Chasseurs de chimères : L'âge d'or de la science-fiction française
de Serge Lehman

critiqué par Malic, le 25 août 2014
( - 82 ans)


La note:  étoiles
Science-fiction de J.H. Rosny à… André Maurois
On entend souvent vanter l’âge d’or de la SF américaine, des années 1920 aux années 50. Mais la France a connu également son âge d’or dans cette période et même avant. Dans son anthologie «Chasseurs de chimères », Serge Lehman nous en donne un bel aperçu au fil de onze romans et nouvelles qui n’ont rien à envier à ceux des maîtres anglo-saxons et sont souvent mieux écrits. Les auteurs sont soit d’authentiques esprits scientifiques, comme Jacques Spitz, soit simplement des imaginatifs, avides de « merveilleux scientifique ».

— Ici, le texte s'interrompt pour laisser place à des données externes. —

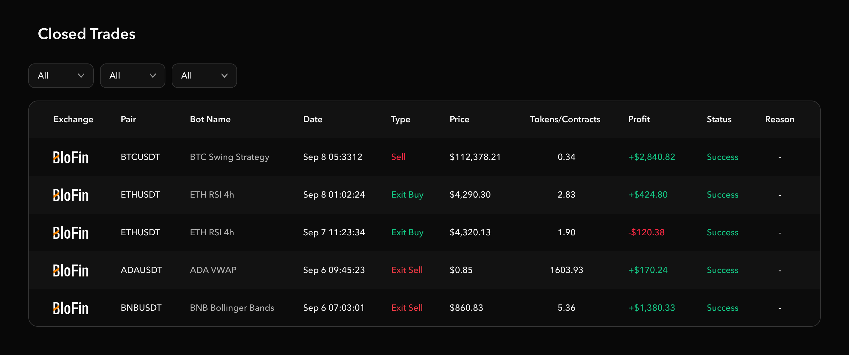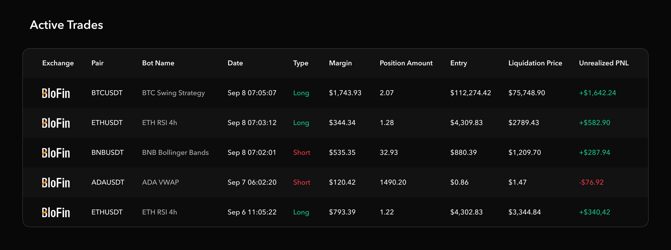 | BloFin   | ETH/USDT | ETH RSI 4h         | LONG  | $344.34   | $4,309.83    | `+$582.90`   |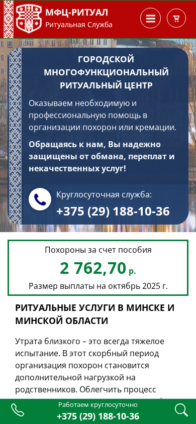 | SEO-описание | Городской ритуальный центр предлагает качественные ритуальные услуги в Минске и Беларуси. Честные цены на организацию похорон. Бюро ритуальных услуг полного цикла и любой сложности. Фирма оказывает полный спектр услуг. Оплата по договору. ☎ Звоните 7695! |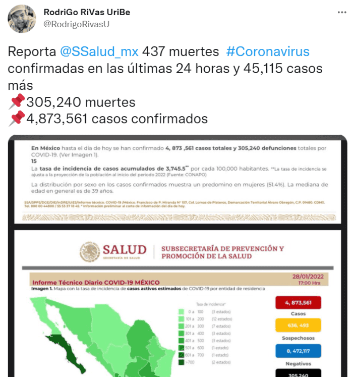 México registró este viernes 45 mil 115 nuevos contagios de COVID-19 para llegar a un total de cuatro millones 873 mil 561 casos, además de 437 muertes para totalizar 305 mil 240 decesos, informó la Secretaría de Salud.La pasada semana, México reportó sus cifras más altas de contagios, con un récord histórico de 60 mil 552 el 19 de enero, además de muertes diarias por encima de las 300.Con estos datos, México es el decimocuarto país en el mundo en número de contagios confirmados y es el quinto con más decesos por esta causa, por detrás de Estados Unidos, Brasil, India y Rusia, según el recuento de la Universidad Johns Hopkins.Las autoridades sanitarias reconocen que, con base en las actas de defunción, el país puede rozar los 455 mil fallecimientos y estiman que México acumula en realidad cinco millones 132 mil 305 contagios.De los contagios confirmados, hay 301 mil 378 casos activos, que han presentado síntomas durante los últimos 14 días y suponen el 5.9% del total.Además, desde el inicio de la pandemia se han recuperado tres millones 940 mil 328 personas.La ocupación media de camas generales se sitúa en un 46% y la de terapia intensiva en un 29%.Las autoridades también indicaron que dentro del programa de vacunación se han administrado casi 164.84 millones de dosis, al sumar un millón 36 mil 538 durante la última jornada.El Gobierno de México afirma que es el séptimo país que más dosis ha aplicado en números absolutos.De los 126 millones de habitantes, 83.51 millones en el país han recibido al menos una dosis de la vacuna, con lo que 89% de la población de 18 años y más han recibido al menos una dosis.En tanto, 76.94 millones han completado su esquema de vacunación.MF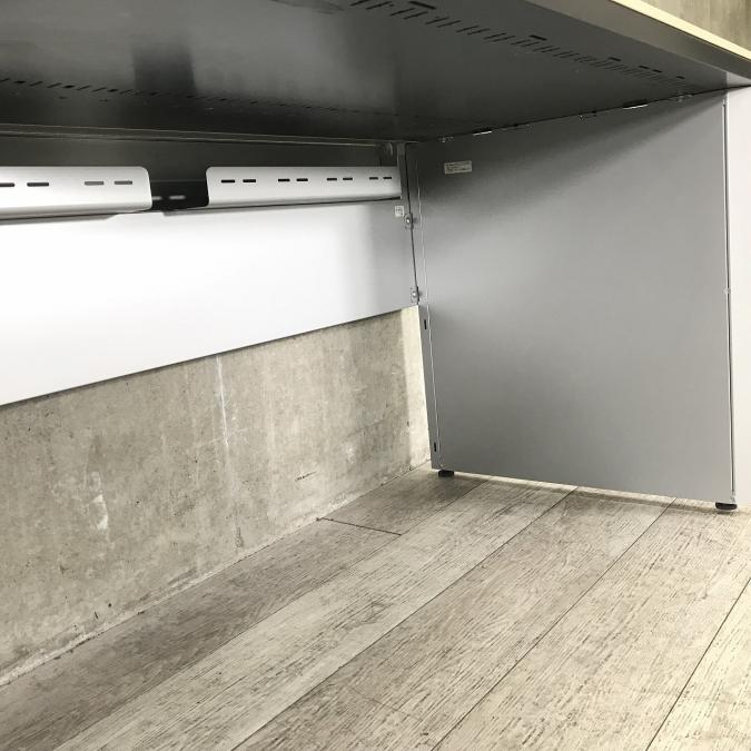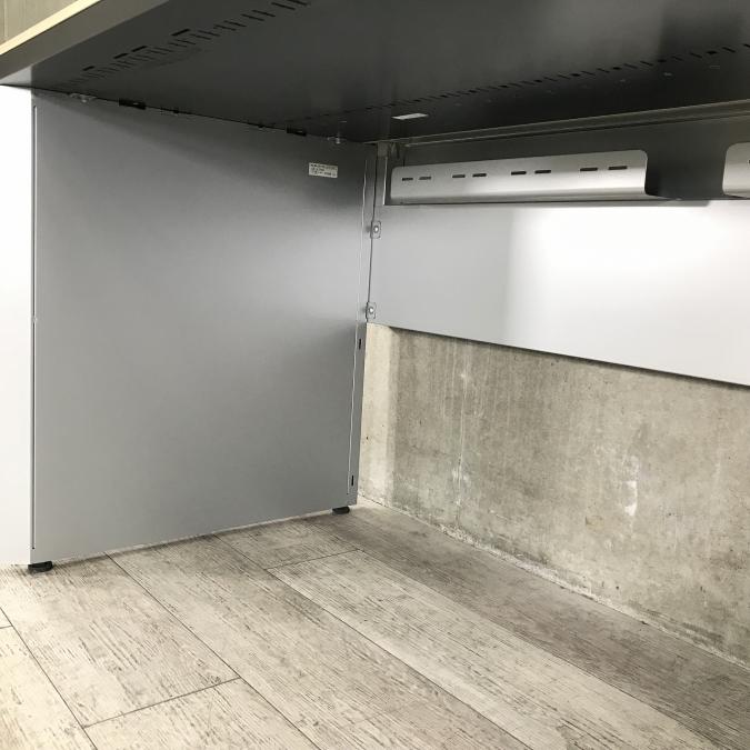 デスク後方をすっきりと見せる幕板を標準装備。

D’abord trois textes relativement connus :

"Les Xipéhuz" ‘ (1888) de J.-H. Rosny aîné : cet auteur surtout connu par ses récits préhistoriques s’est aussi illustré dans la SF ( « Les navigateurs de l’infini ») Avec "Les Xipéhuz", on est dans les deux genres à la fois. Une peuplade préhistorique se trouve confrontée à de terribles et incompréhensibles créatures, aussi effrayantes que certaines entités lovecraftiennes, quoique d’un comportement différent. Un récit étonnant, écrit dans le style vigoureux de l’auteur de la « guerre du feu ».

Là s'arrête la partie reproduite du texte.